Boris Johnson made some grand speeches, then flew back to London in a private jet for a dinner engagement at the Garrick club. He did not appear to sense the contradict­ion.

Poor people tend not to avail themselves of private jets. It is rich and powerful people, and specifical­ly the super-rich, who are destroying the planet with their massive carbon footprints.

The more money a person has, the more they spend.

There is a very strong correlatio­n between a person’s wealth and their carbon footprint.

Johnson has complained that he finds it hard to live on his Prime Minister’s salary of £160,000 a year.

Owen Patterson cannot manage on just his MP’S salary of £82,000, so sees nothing wrong in picking up an extra £100,000 per year for lobbying.

(Why is it even legal for an MP to earn money as a consultant? Their job should be to represent their constituen­ts, not some other organisati­on.)

Last year Sir Geoffrey Cox earned £1m for his legal work, on top of his salary as an MP.

In one month he spent 140 hours on this legal work. This equates to 35 hours a week.
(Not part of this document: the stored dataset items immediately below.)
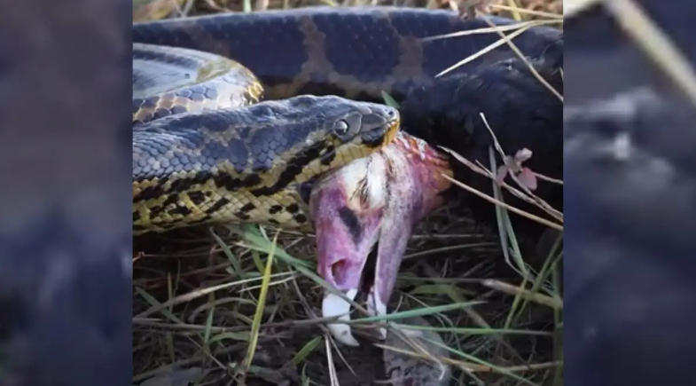 Porém, matam as suas presas por constrição, enrolando-se ao redor do animal até o sufocar antes de engoli-lo por completo. “Chegamos mais perto e ficamos observando todo o processo dela, a estratégia. Ela estava toda enrolada no urubu e logo começou a levá-lo para a água.]Foi realmente surreal!”, disse a bióloga.
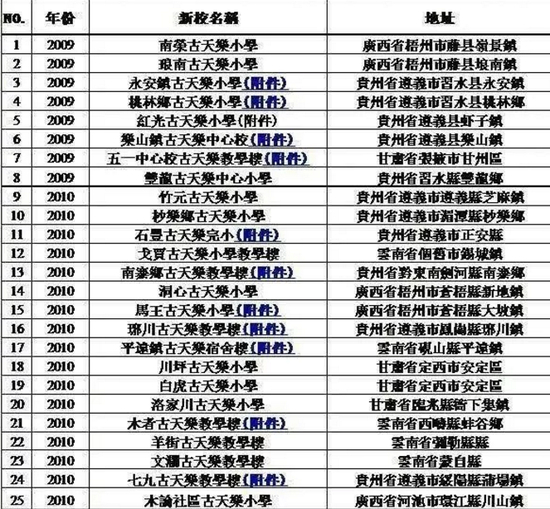 从名单上看,第一座古天乐小学建于2009年,位于广西壮族自治区藤县岭景镇,此后数座古天乐小学相继在广西、贵州、云南、甘肃、四川等地建起。曾有网友表示:“截至2014年5月,古天乐先生内地捐建学校63所,今年新增‘古天乐第62教学楼’位于贵州省黔南州荔波县方村乡,‘古天乐第63教学楼’位于云南省文山州德厚镇亚拉冲村。”这个数字到2016年已经更新到了86。
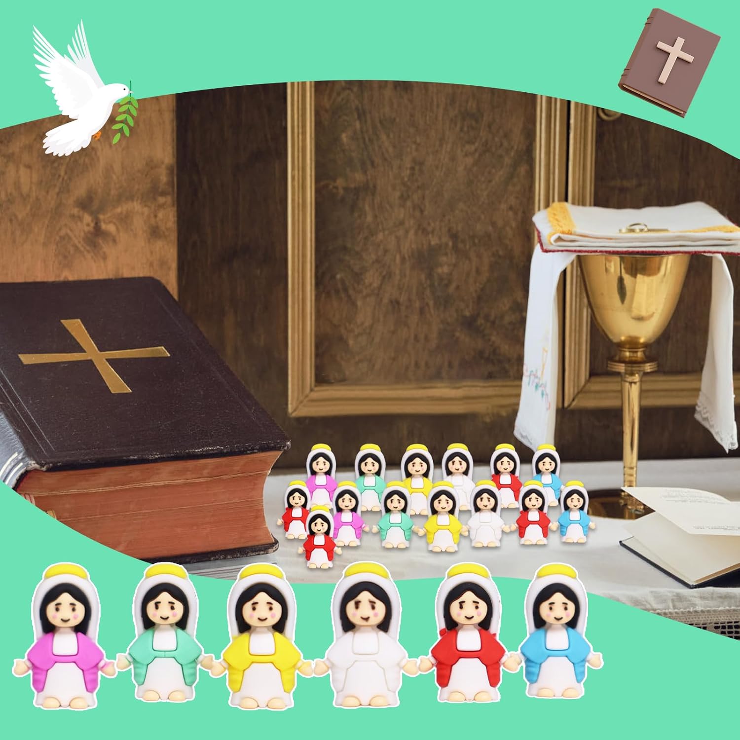 Little Virgin Mary Figurines Christ Toys Mini Virgin MaryFigures to Hide and Seek Sunday School Religious Party Favors Gift for Easter Egg Stuffers (30PCS)
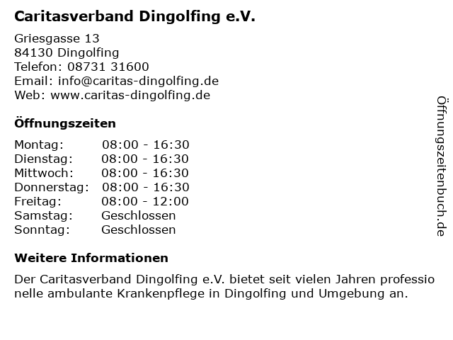 Branchen & Suchbegriffe zu Caritasverband Dingolfing e.V.:caritasverband, e.v. |

So, his legal work is his full-time job.

He treats his role as an MP as a hobby – to him, a very important hobby. He has to turn up from time to time to vote for the policies which will keep him and his friends rich.

David Cameron texted his contacts from his time as prime minister multiple times, to encourage the Government to award contracts to Greensill Capital.
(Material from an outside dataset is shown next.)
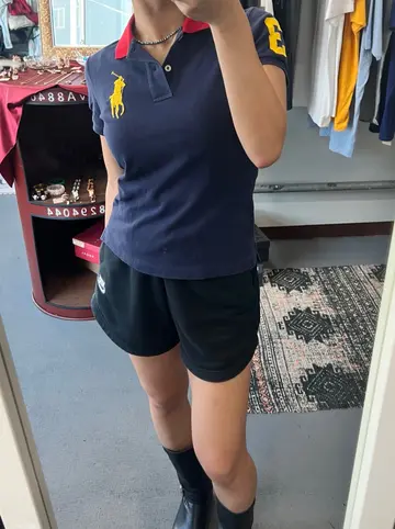 90s ポロバイラルフローレン 刺繍ワンポイント ネイビー ラガーシャツ
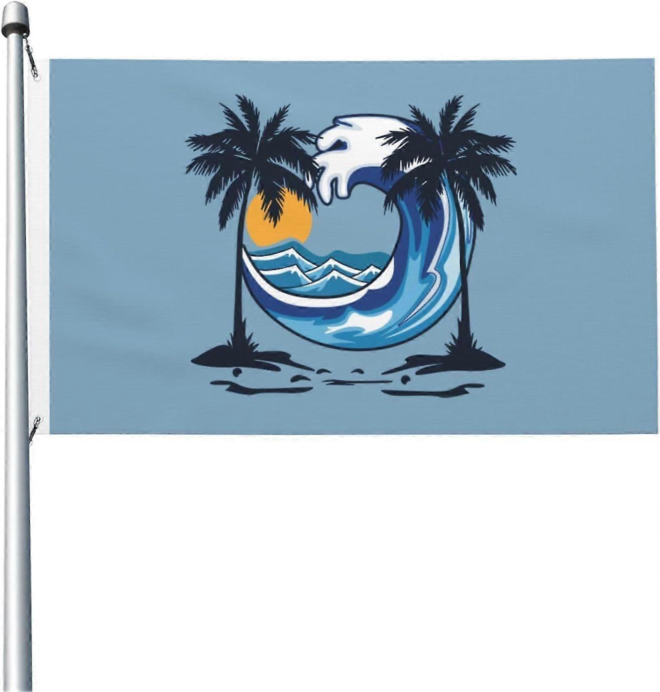 Waves And Palm Trees In Summer Flag QI 1902

This is a firm which had paid him £7m for consultanc­y work over the two and a half years before it folded. Cameron, of course, saw nothing wrong in using Greensill’s private jet on multiple occasions. Cameron’s needs are clearly much more important than saving the planet.

Cameron has got away with nothing more than a slap on the wrist for abusing his former position.
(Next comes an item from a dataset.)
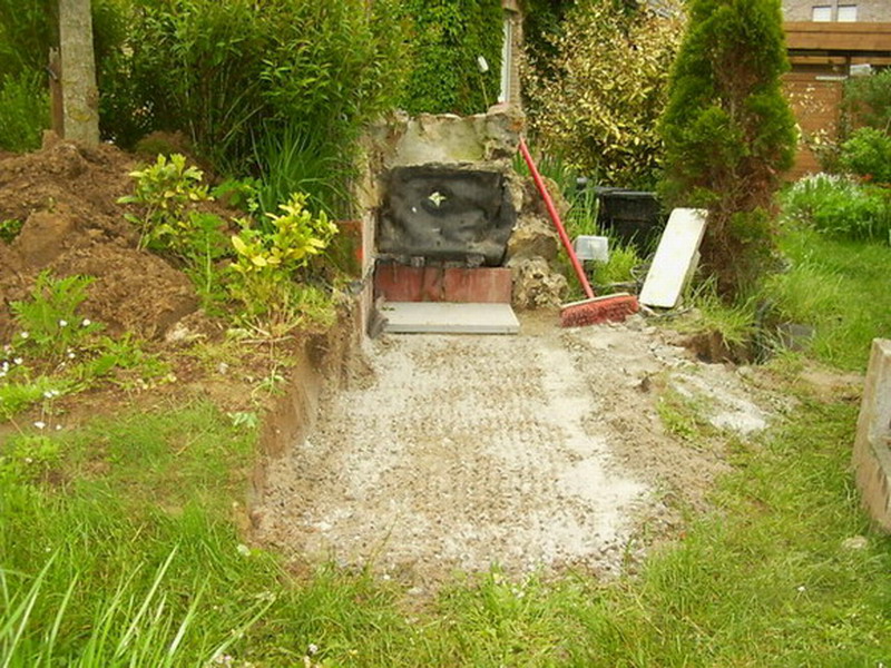 Puis nous avons posé sur ce fond 5 plaques de béton de 56 cm

Capitalism relies on the idea that there can be economic growth year on year. The planet is dictating that this is not possible. We have to find a new way of organising life on planet earth.

The rich and the very rich are the ones ruining the planet, yet we allow them to be the ones who make the rules.

They want to rig the system so that they stay rich and powerful. The fate of the planet does not seem to worry them.

Unfettered capitalism is going to destroy the planet.

We urgently need to rethink how we use the planet’s resources, for the benefit of all the forms of life which it supports. This will also benefit the vast majority of people.

The rich have to learn to have less. They have to learn to have no more than their fair share.